Generations of socialists inspired by Marx sang paeans to universalism and denounced those unduly focused, as Rosa Luxemburg put it, on “special Jewish suffering.” Socialists who raised concerns about modern-day antisemitism were said to be guilty of “philosemitism,” a right-wing deviation. Above all, the luminaries of the socialist movement condemned support to Zionism, which was deemed reactionary. Socialist revolution, they insisted, would solve “the Jewish Question.”
The failure of this dream has affected no people so tragically as the Jews. Oh, the revolution came all right, in Russia. Instead of liberating the Jews with the rest of humanity, 1917’s aftermath brought massive pogroms in Ukraine, carried out by troops both for and against the Bolsheviks. Still the idealists insisted that what was needed was more revolution, to finish the job of sweeping away capitalism. When Hitler came to power vowing to exterminate “Judeobolshevism”—to hold the Jewish people accountable for the revolutionary threat—the Communist movement was largely unconcerned. After Hitler, us, Stalin said. The best and bravest insisted that Jews should not flee to Palestine, but remain in Europe to fight for socialist revolution.
That revolution did not come, but Auschwitz did. In their own way, often with the best of intentions and their beautiful, blinkered dogmas, they helped make the genocide perpetrated against the Jews—an actual genocide—possible.
I think this history plays a role in the antisemitism that has dominated the left since long before October 7. “The Germans will never forgive Jews for the Holocaust,” it’s been said—meaning, the Germans will never stop hating those who remind them of their guilt. Similarly, the left will never stop hating Jews for reminding them it was the Jewish people, above all, who paid the price of their grotesquely discredited vision.

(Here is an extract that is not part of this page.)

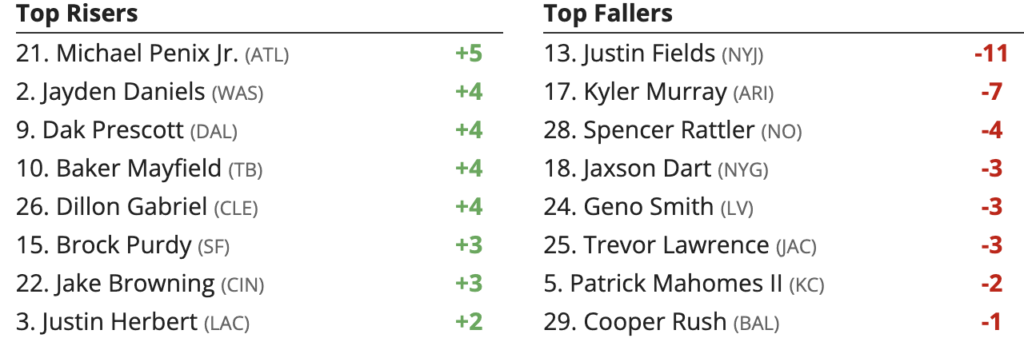 Week 6 Quarterback (QB) Rankings Higher and Lower

Israel, a state largely founded by refugees fleeing oppression, including Holocaust survivors, is the ultimate reminder of the crimes visited on the Jewish people, and this is why it is hated. At first the left, for the most part, accepted Israel, even spoke of the Jewish right to self-determination. All that changed when the Israeli people had the effrontery in 1967 to not only defeat the latest attempt to destroy them, but win. This allowed the left to declare Israel, and the Jews, not a virtuous victim but an imperialist oppressor. The antisemitism that is now so shocking and visible had been percolating on the far left for over fifty years.
There’s so much for progressives to gain from not knowing this history. In a Godless world, the left offers what the church once did: an essential feeling of community, of divinely ordained purpose, of virtue, of being on the side of good against evil. The men and women who share their most cherished beliefs and march at their side may be dearer to them than family. The thought of losing all this may feel equivalent to walking off a cliff.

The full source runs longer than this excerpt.